### Problem requirements
From the records below, print only the part that opens with the line containing "La segunda fecha" and closes with the line containing "- Include 250"; omit the pictures.

### The records
· · · ·
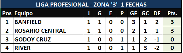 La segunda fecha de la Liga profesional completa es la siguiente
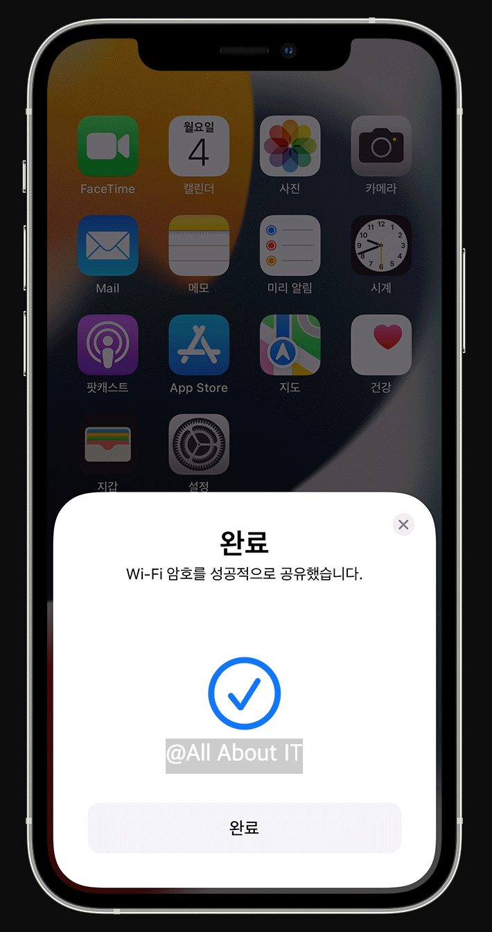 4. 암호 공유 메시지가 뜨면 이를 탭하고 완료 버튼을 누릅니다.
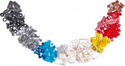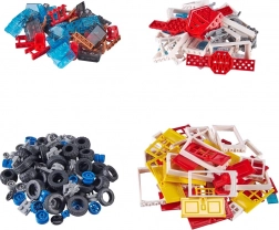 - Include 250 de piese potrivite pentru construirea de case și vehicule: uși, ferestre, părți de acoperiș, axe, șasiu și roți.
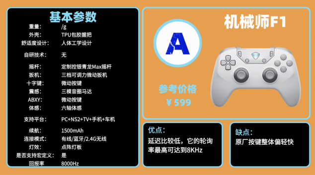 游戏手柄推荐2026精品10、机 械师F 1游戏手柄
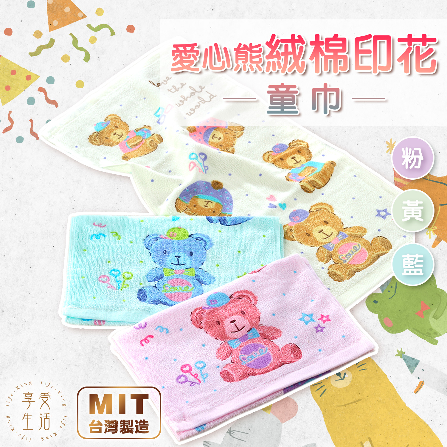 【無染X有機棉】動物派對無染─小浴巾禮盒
· · · ·
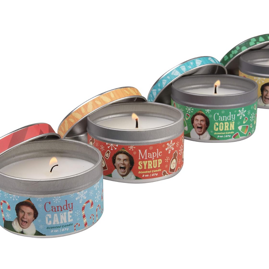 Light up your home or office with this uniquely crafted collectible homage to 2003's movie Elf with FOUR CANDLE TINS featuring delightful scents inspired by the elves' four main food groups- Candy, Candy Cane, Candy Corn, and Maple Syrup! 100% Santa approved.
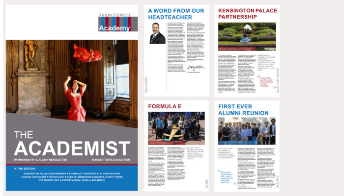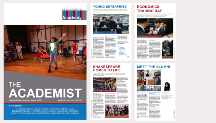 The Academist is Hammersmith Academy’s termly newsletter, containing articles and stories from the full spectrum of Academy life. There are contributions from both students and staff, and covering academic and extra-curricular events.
· · · ·
### Solution to this exercise
 La segunda fecha de la Liga profesional completa es la siguiente
 4. 암호 공유 메시지가 뜨면 이를 탭하고 완료 버튼을 누릅니다.
 - Include 250 de piese potrivite pentru construirea de case și vehicule: uși, ferestre, părți de acoperiș, axe, șasiu și roți.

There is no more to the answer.